[Data records]
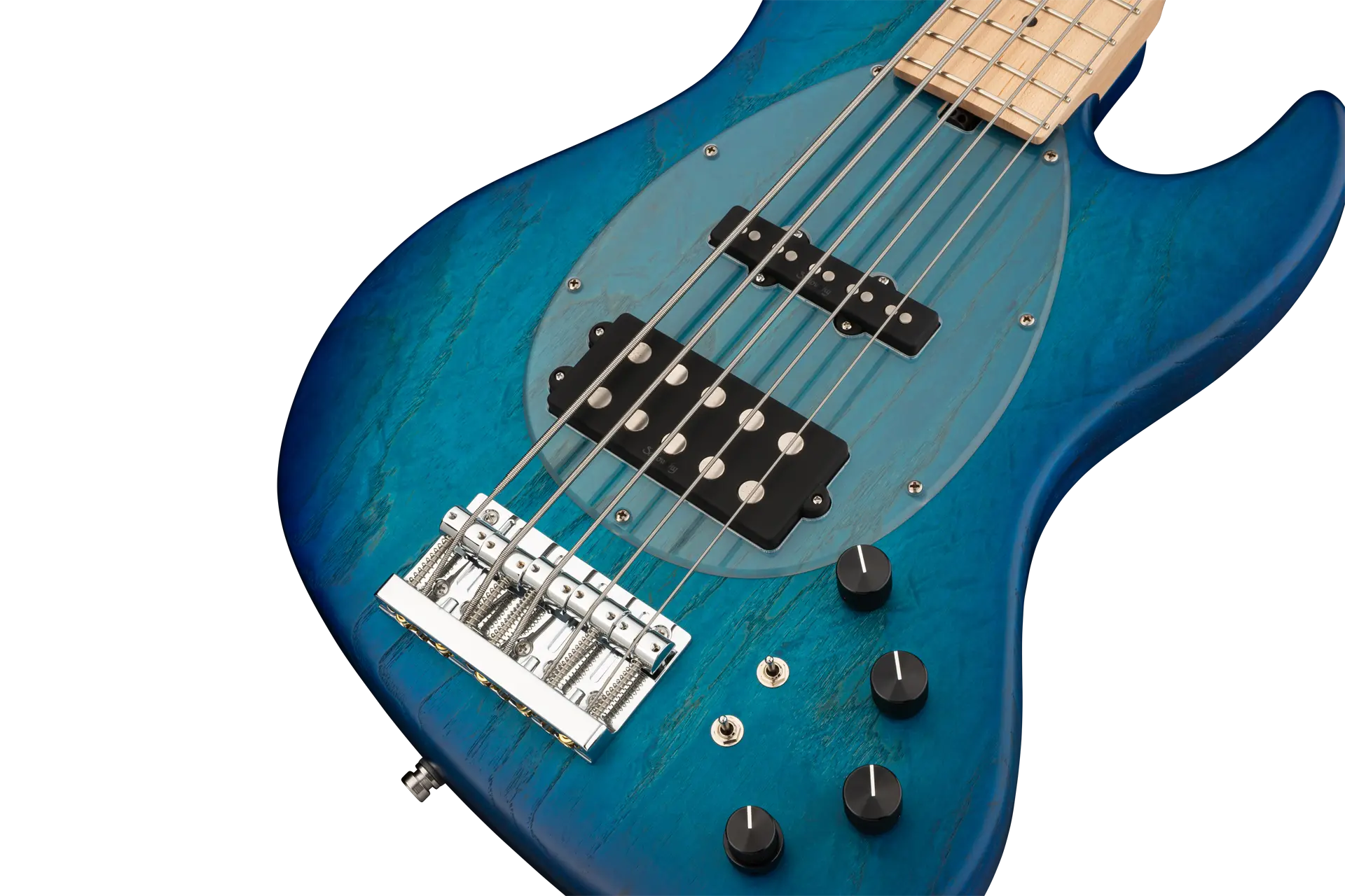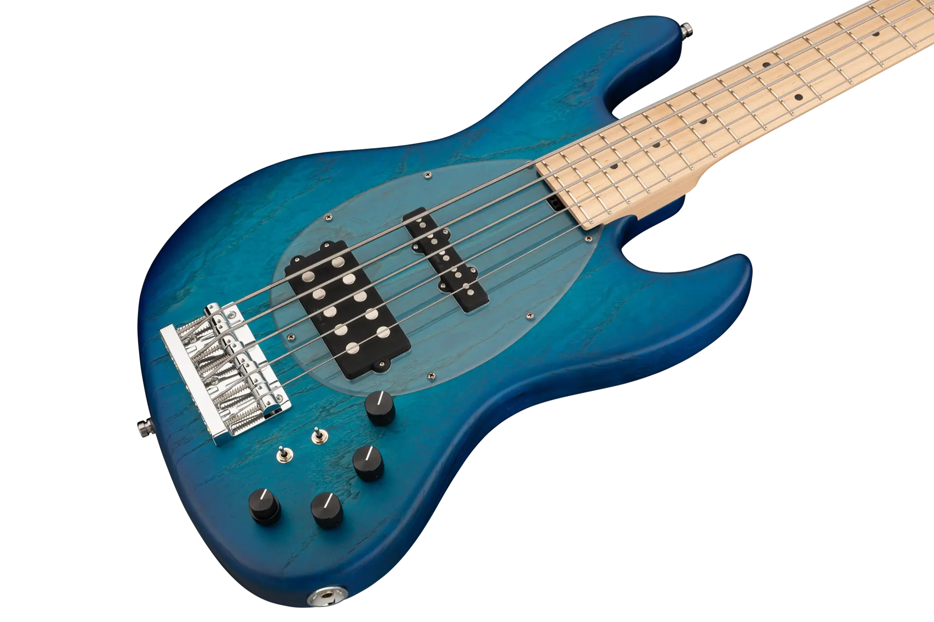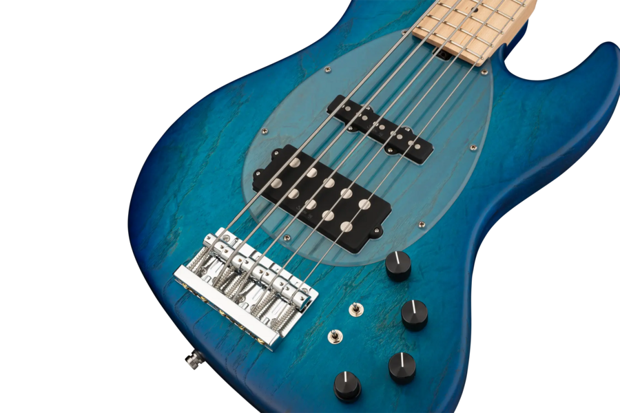 Roger Sadowsky hat es sich zur Aufgabe gemacht, ein bereits sehr erfolgreiches Bass-Design noch weiter zu verbessern, indem er eine Reihe von Detailveränderungen vornahm. Mit der von ihm entwickelten Elektronik hat er es geschafft, den bekannten M/J-Bass-Sound auf ein neues Level zu heben, so dass man heute von einem typischen Sadowsky Tone sprechen kann: Niemals harsch klingend, mit tiefen, definierten, keinesfalls dumpfen Bässen, präsenten, jedoch nicht aufdringlichen Mitten sowie süßen und luftigen Höhen. Dieser 5-saitige Bass, hier in einer Bora Blue Burst Transparent Satin Lackierung, hat einen leichten, verkleinerten J-Style Korpus (chambered), der aus amerikanischer Sumpfesche gefertigt ist. Der Hals ist aus amerikanischem Ahorn und hat ein Griffbrett aus amerikanischem Ahorn. Besondere Merkmale dieses Basses sind Sadowsky M und J Pickups, aktive Elektronik mit True Bypass, Vintage Tone Control, Treble und Bass Boost und zwei 3-Wege-Kippschalter für Pickup-Konfiguration (Seriell / Parallel / Single Coil). Dieser Bass verfügt außerdem über leichte, offene Sadowsky-Mechaniken und die Sadowsky Quick String Release Bridge. Sadowsky MetroLine 21-Fret Vintage M/J Bässe werden ausschließlich in Deutschland hergestellt. Das Gewicht eines Basses beträgt nie mehr als 4,0 kg und ist damit auch für Bassisten interessant, die neben einem modernen Bass-Sound auch eine leichtgewichtige Lösung für die Bühne suchen.
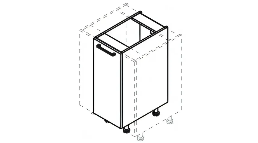 Opcje regulacji szafkiwysokość nóżek 10 lub 15 cm (regulacja +/- 2 cm)
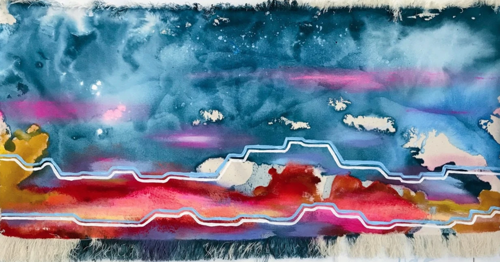 Pouring colors on the surface is a quick and violent process which fights off unsettling memories. For me, blue represents the sky and brain. It is limitless and comforting, while warm colors represent the land in an effort to feel more grounded and safe. In smaller works on paper, I paint multiple landscapes with repeating motifs at once to untangle my brain and create new, imagined spaces.
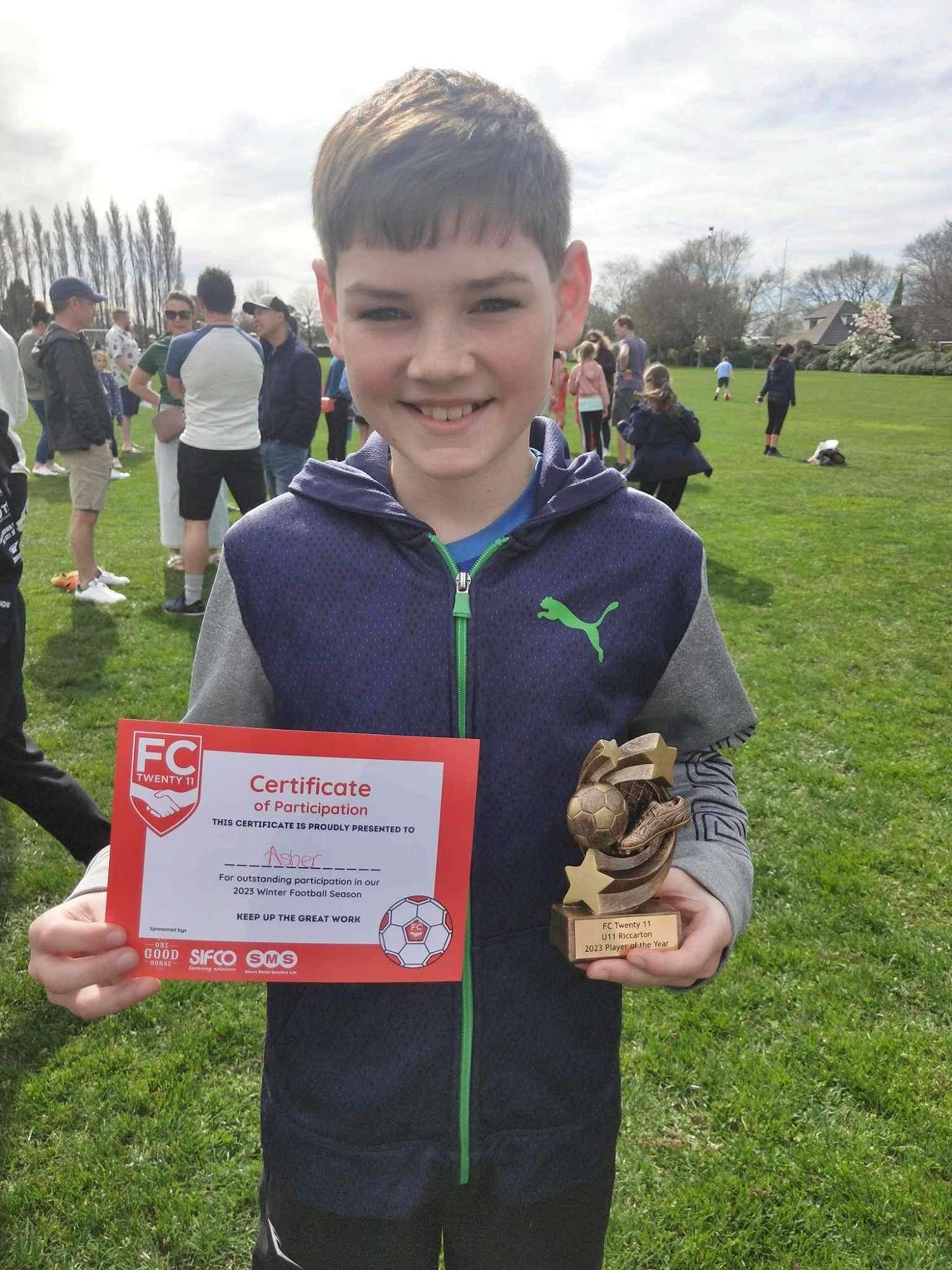 Congratulations to Asher Wallis, Year 6 who was awarded 2023 Player of the Year for FC Twenty 11's U11 Riccarton football team. Way to go Asher.
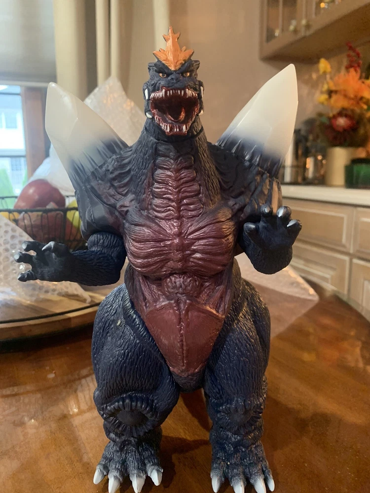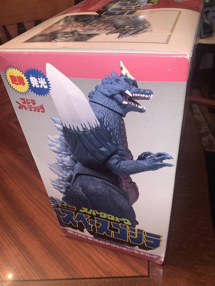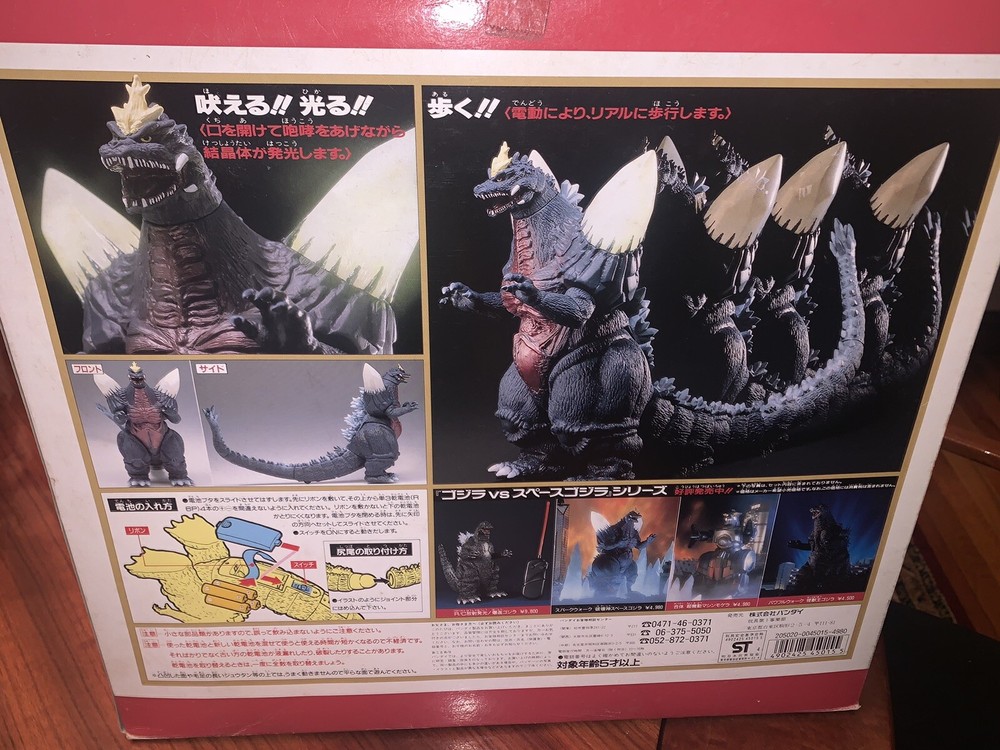 Hello today you are buying a Brand New Bandai Walking Bandai Walking Light Up Space Godzilla. 285mm (11 3/4 inches tall x 15 inches long) Comes in original box. Made in 1994 by Bandai Japan. Runs on four AA Batteries (not included) The art box is a 9.5 to 9.8 out of 10 Made in 1994 by Bandai Japan. He will walk He will scream or roar But best part his shoulder crystals light up in a lime green color or spark like very very cool Shipping is 20 dollars inside the USA International bidders are welcome International shipping is done by eBay only no exceptions I’m a USA seller International bidders are welcome International shipping is done by eBay only no exceptions I sell many Godzilla items plus military models old HO race cars one of kind item cds dvds train cars Albums etc Thanks for looking Eric86
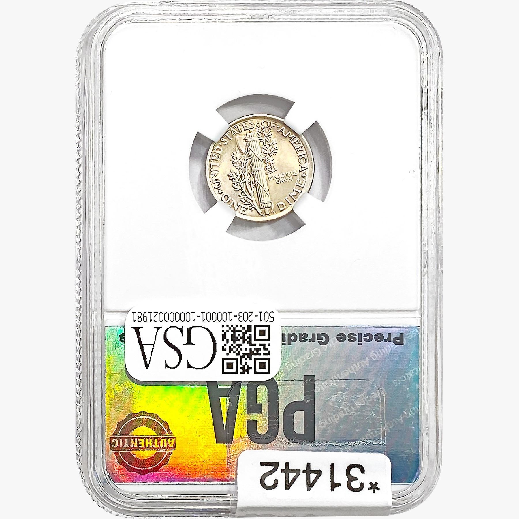COINS AND CURRENCY LISTED IN GSA’S CATALOG AS GRADED AND ENCAPSULATED BY PCGS, NGC, ANACS, ICG, PCGS CURRENCY, PMG, PCGS BANKNOTE GRADING, CMC OR ANY OTHER THIRD-PARTY GRADING SERVICE ARE LIKEWISE SOLD “AS-IS” EXCEPT AS EXPRESSLY SET FORTH HEREIN. ALL THIRD-PARTY GRADING SERVICE GUARANTEES, INCLUDING AUTHENTICITY, ARE THE SOLE RESPONSIBILITY OF THE THIRD-PARTY GRADING SERVICE AND NOT WARRANTIES OR GUARANTEES OF GSA. BIDDERS SHOULD CONTACT THESE THIRD-PARTY GRADING SERVICES DIRECTLY WITH RESPECT TO ANY CLAIMS OR QUESTIONS THEY MAY HAVE CONCERNING THEIR GUARANTEES AND WARRANTIES. BIDDERS ACKNOWLEDGE AND AGREE THAT AUCTIONEER IS NOT BOUND BY OR LIABLE FOR ANY OPINION OR CERTIFICATION BY ANY THIRD-PARTY GRADING SERVICE. REMOVAL OF A PRODUCT FROM ITS PROTECTIVE CASING OR HOLDER OR ALTERATION OF ANY COIN HOLDER WAIVES ALL RIGHTS CONCERNING THE PRODUCT CONTAINED THEREIN.
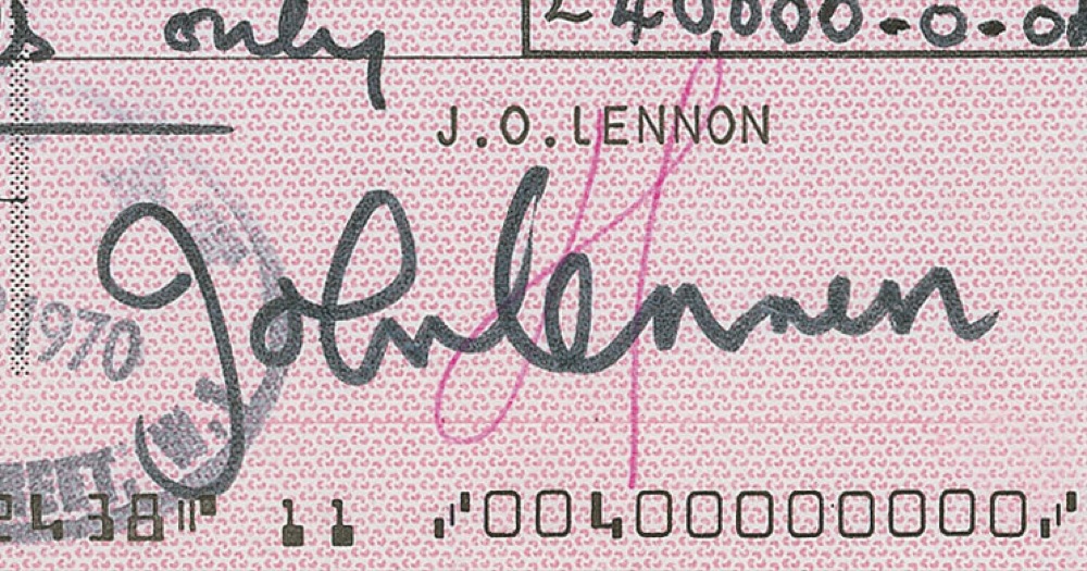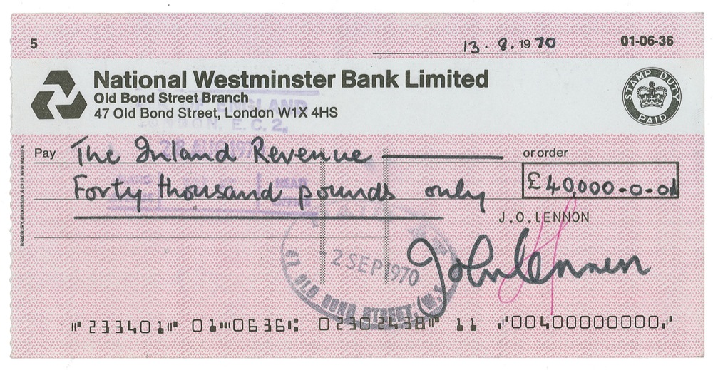 Personal check, 6.25 x 3, filled out and signed by Lennon, payable to The Inland Revenue for £40,000-0-0, August 13, 1970. “J. O. Lennon” is printed on the check above Lennon’s signature [Lennon added ‘Ono’ as a middle name in 1969]. In fine condition, with red ink cancellation through a few letters of signature, and bank stamps to body, with one lightly over the first couple letters of signature.
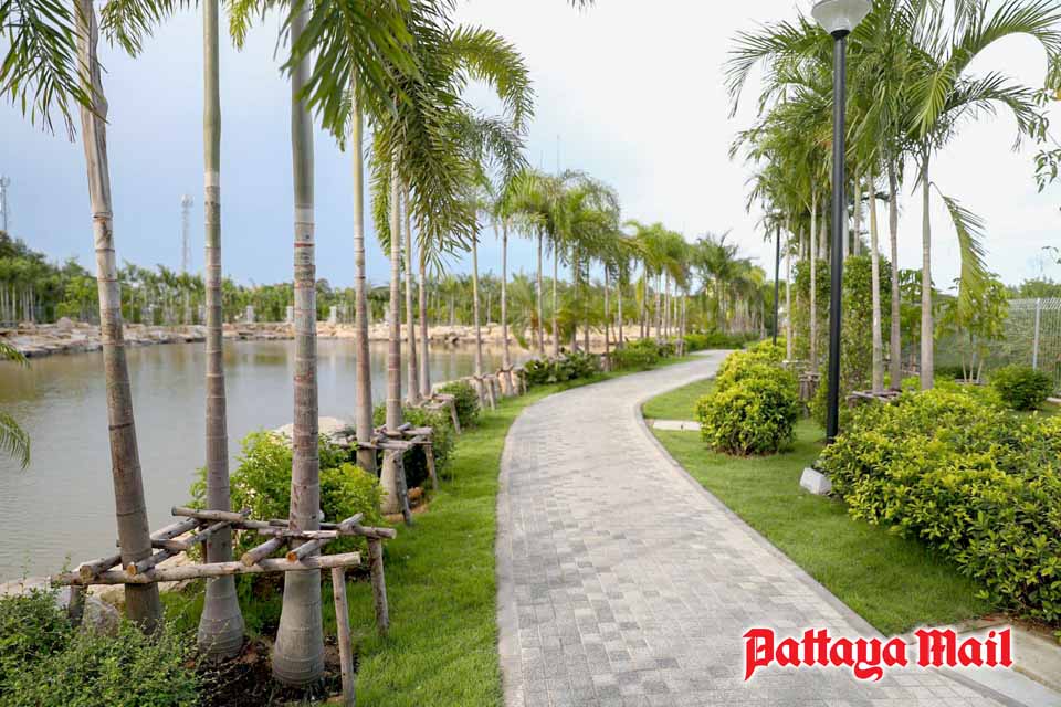 Pattaya Mayor Sonthaya Kunplome said June 16 that the five-rai park will offer Jomtien residents space to play sports and relax. Construction is nearly complete and now is being inspected and tweaked by the city’s Environment Department.
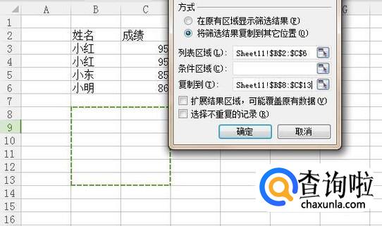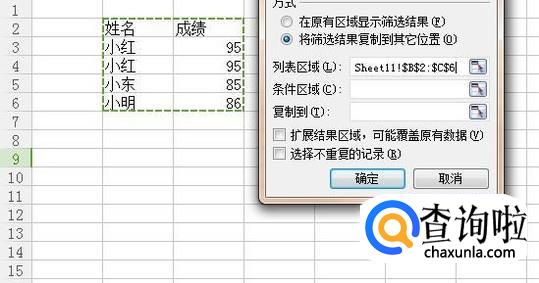 接着勾选将筛选结果复制到其他位置并选择好整个表格作为数据来源,如下图所示。
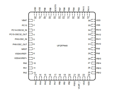 STM32F413CGU6的封裝引腳圖
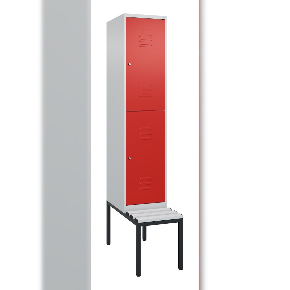 C+P Spind Classic PLUS, Kunststoff untergebaute Sitzbank, 2 Abteile, HxBxT 212x40x82cm, Zylinderschloss, Hellgrau/Rot von PROREGAL
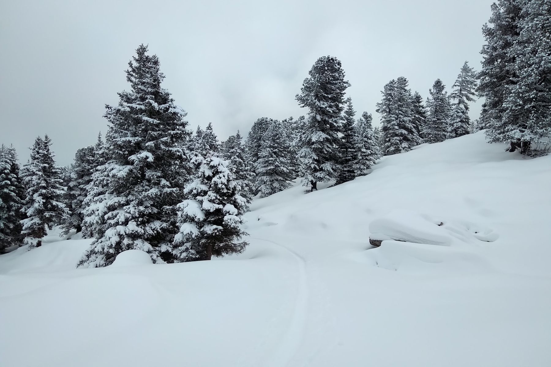 Der Fotscher Windegg war heut am Sonntag auch eine gute Wahl bei Schneefall und schlechter Sicht. Unten genug Schnee für eine entspannte Abfahrt auf der Forststraße, und oben bei bestimmten Hang-Expositionen noch schöner Pulver!
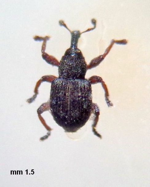 appena 1,5 mm senza rostro; tutto il corpo, rostro compreso, con peluzzi molto ricurvi; tutte le tibie con spina apicale ricurva. Scusate le foto inadeguate ma sono oltre il limite delle mie attrezzature; mi basta anche il gruppo o genere.

What to produce:
From the records above, transcribe only the stretch from the line with "Pouring colors on" through the line with "Congratulations to Asher", keeping both ends. Omit pictures.

Task solution:
 Pouring colors on the surface is a quick and violent process which fights off unsettling memories. For me, blue represents the sky and brain. It is limitless and comforting, while warm colors represent the land in an effort to feel more grounded and safe. In smaller works on paper, I paint multiple landscapes with repeating motifs at once to untangle my brain and create new, imagined spaces.
 Congratulations to Asher Wallis, Year 6 who was awarded 2023 Player of the Year for FC Twenty 11's U11 Riccarton football team. Way to go Asher.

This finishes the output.